So, the Dirty Show. It’s been going on since we’ve lived here, but this was our first time going. John Waters was the draw, of course – we’ve both been fans for a while, Alan of his movies and me of his post-Hairspray persona as this cuddly post-smutmeister who keeps telling people what a smutmeister he is.
His one-man show is raw, but also funny, which makes the raw go down easy. “What ever happened to pubic hair? I went to court to show bush. Now no one has one.” He talks about his parents a lot. He talks about assholes (the real ones, the ones we all have). He talks about his projects; when I heard his Hairspray-sequel TV series, currently in development hell, is called “White Lipstick,” I knew he would get it all right. He manages to come across as a perv and your favorite uncle all at the same time.
Afterward, he did a signing that went on for hours and hours. Everybody got a picture. We didn’t participate, as we were busy touring the rest of show, trying to find the pearls among an awful lot of bad oysters. It’s not that I find the human body artless, it’s just that you have to do more with it than just show me a big red dick. And dicks were scarce compared to the seemingly endless parade of tits ‘n’ vulvas. The sideshows were more interesting, including a touring burlesque show featuring a dwarf stripper and a man whose whole act was a hymn to the hot dog. There was also one of those gymnasts who performs aloft suspended and entwined in a long length of cloth, whatever they’re called. At first I thought she was nude, but after she came down I saw she was wearing a flesh-colored bodysuit with the anatomy spray painted on, and quite well.

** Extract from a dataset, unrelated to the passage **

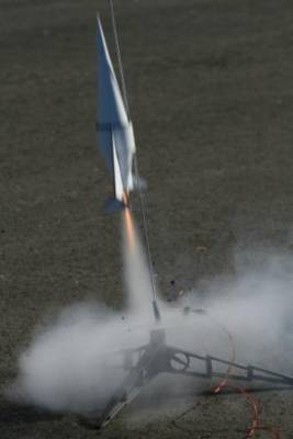 Gusty 5+ mph winds. Really straight climb and coast, ejected at apogee. Chute deployed, but it fell fast, snapped off top fins. Repairable

Really, the only thing left to the imagination was why so many women into baroque lingerie, especially corsetry, are overweight.
I only saw one piece I could take home, a sketch that looked like a bunch of birds of paradise flowers but turned out to be, yes, more vulvas. But it was clever. And alas, it had a red “sold” sticker on it.
The rest of the weekend was half fun, half duty — a wedding, plus FAFSA and related forms. The wedding was at the National Shrine of the Little Flower, better known as Father Coughlin’s old church. Which is spectacular. Fr. Coughlin was the original Rush Limbaugh, and had quite the career until the diocese reined him in. The church has a theater-in-the-round thing going on; the first guests weren’t sure where to sit, but we all figured it out. The bride was beautiful, the groom flubbed some hand-holding instructions and we all went out to face the cold front howling in. Current temperature: 2 below, and the night has only begun.
Let’s hope we get a little relief by the end of the week, but I’m not hopeful.